The above-described first embodiment of the present invention has the following effects.
(1) Measure the warp tension during inching rotation under the actual weaving conditions, and set the return target warp tensions C and C1 from the measurement results. Weaving can be performed in the warp tension state, which can greatly contribute to prevention of weaving steps at the start of operation.
(2) The warp tension diagram between the operation of the loom and the inching operation when the loom is stopped shows the peculiarity that even if there is a difference in the absolute value of the warp tension, the phase in the loom rotation angle direction hardly changes (FIG. 2). The return target warp tensions C and C1 are calculated by using the warp tension diagram shown by the solid line and the alternate long and short dash line), and the loom rotation angle determined in advance to set the return target warp tensions C and C1 is free. Can be set to This means that the warp tension can be adjusted appropriately for restoring the tension regardless of the position of the loom.
(3) The temporary target warp tension is set even when almost no warp tension is applied, such as when setting a new fabric, and the warp tension is measured after the warp T is kept in a constant tension state. The tensions C and C1 can be set appropriately.
(4) Since the calculation of the return target warp tensions C and C1 requires only a very simple calculation formula using the measured warp tensions A and B and the operation target warp tension X, the program set in the control device 2 is extremely different. Can be simple.
(5) If the predetermined loom rotation angle for setting the return target warp tensions C and C1 is set as the loom rotation start position or stop position at the time of warp tension measurement, there is no need to select another loom rotation angle. So setting is easy. In particular, if the loom is set at the loom stop position, the warp tension adjustment for returning can be performed without performing alignment as in the case of other loom rotation angles, which is extremely efficient. In addition, when the loom rotation angle determined in advance is set as the loom rotation start position, if the inching rotation amount for measuring the warp tension is one rotation of the loom or an integer multiple thereof, the loom alignment is the same as the stop position. However, in the case of other rotation amounts, it is necessary to align the loom in the same manner as other loom rotation angles.
(6) Since the inching rotation amount for measuring the warp tension is set to one rotation of the loom, all changes in the warp tension can be measured most efficiently.

(Second Embodiment)
The calculation of the correction value and the return target warp tension C according to the present invention can obtain the same result by an approach from a direction different from the method described in the first embodiment. That is, in the loom, the warp tension greatly fluctuates due to the warp opening movement, and therefore a normal easing movement is added to alleviate this. Since the warp opening movement and easing movement are the same during both the normal operation and the inching operation when the loom is stopped, the warp tension diagrams shown by the solid line and the one-dot chain line in FIG. 2 are almost the same. It is in the form of In other words, when the warp tension is low or high, the warp tension diagram in FIG. 2 is only displaced in the warp tension direction (vertical axis direction), and the phase in the loom rotation angle direction (horizontal axis direction) changes almost. There is a peculiar situation that the loom does not. Therefore, the deviation between the average warp tension in the warp tension diagram and the warp tension at the loom rotation angle is substantially the same during normal operation and inching operation of the loom when the loom is rotatable.
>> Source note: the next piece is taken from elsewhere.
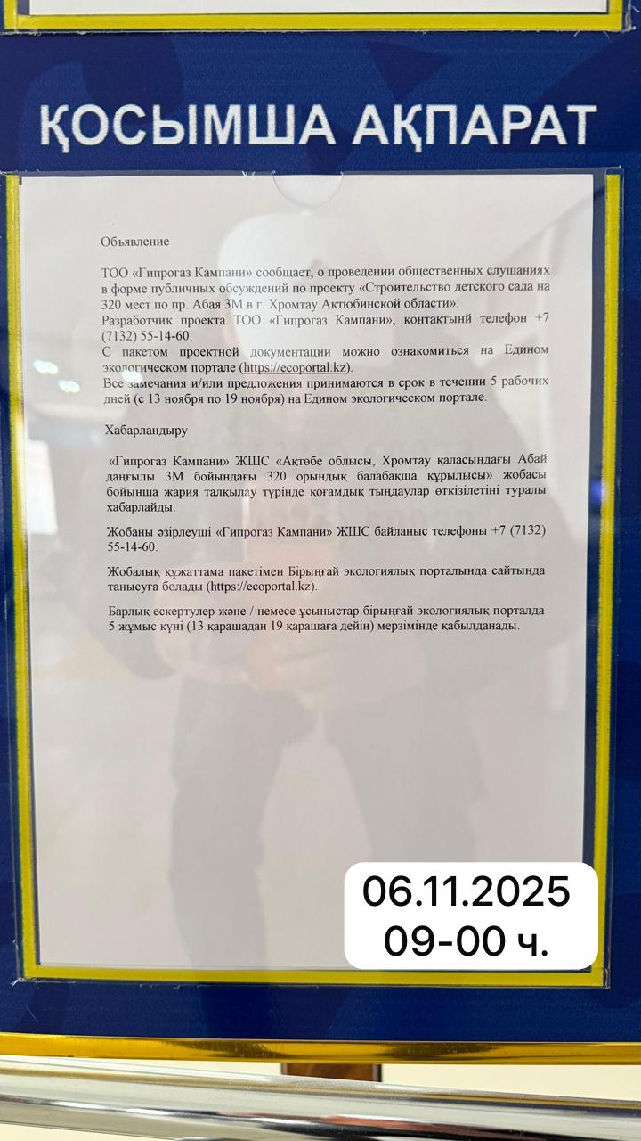 По проекту: Строительство детского сада на 320 мест по пр. Абая 3М в г. Хромтау Актюбинской области

  In view of such circumstances, in the second embodiment, the average warp tension A of the warp tension measured during one rotation of the inching operation of the loom is a warp tension B at the loom stop position S2 that is a predetermined loom rotation angle. And a deviation B1 (see the phantom line in FIG. 2) is calculated and used as a correction value. The deviation B1 is the same as the deviation from the average value of the warp tension at the stop position S2 of the loom during operation of the loom (the target warp tension X during operation) (see the one-dot chain line in FIG. 2). Since this correction value, that is, the deviation B1, is substantially the same as the deviation from the average value of the warp tension during normal operation of the loom as described above, the deviation B1 is set to the preset target warp tension X during operation. And the obtained warp tension is set in the control device 2 as a return target warp tension C1 at a predetermined loom rotation angle. Here, the calculation formula of the return target warp tension C in the first embodiment is represented by C = (X−A) + B, and the calculation formula of the return target warp tension C1 in the second embodiment is C1 = X + ( B-A). Therefore, the right side of both formulas shows that the same calculation result is obtained, and the return target warp tensions C and C1 in the first embodiment and the second embodiment are the same. Can be implemented. The second embodiment can obtain the same operational effects as (1), (2) and (4) to (6), which are the operational effects of the first embodiment.

(Third embodiment)
For example, if the weaving machine has been stopped for a long time and the warp tension has changed greatly from the target warp tension X during operation, or the target warp tension X during operation set in advance during weaving of the same fabric. However, since a problem occurs, there are cases where the target warp tension X during operation must be changed. In such a case, unlike the machine setting, the warp tension is so high that there is no inconvenience to rotating the loom, so the setting of the return target warp tensions C and C1 and the adjustment of the warp tension for return are not shown. 4 can be performed only by the work shown in the flowchart of FIG. 4, and the work of the flowchart shown in FIG. 3 can be omitted. In addition, the third embodiment can obtain the same operational effects as (1), (2) and (4) to (6) which are the operational effects of the first embodiment.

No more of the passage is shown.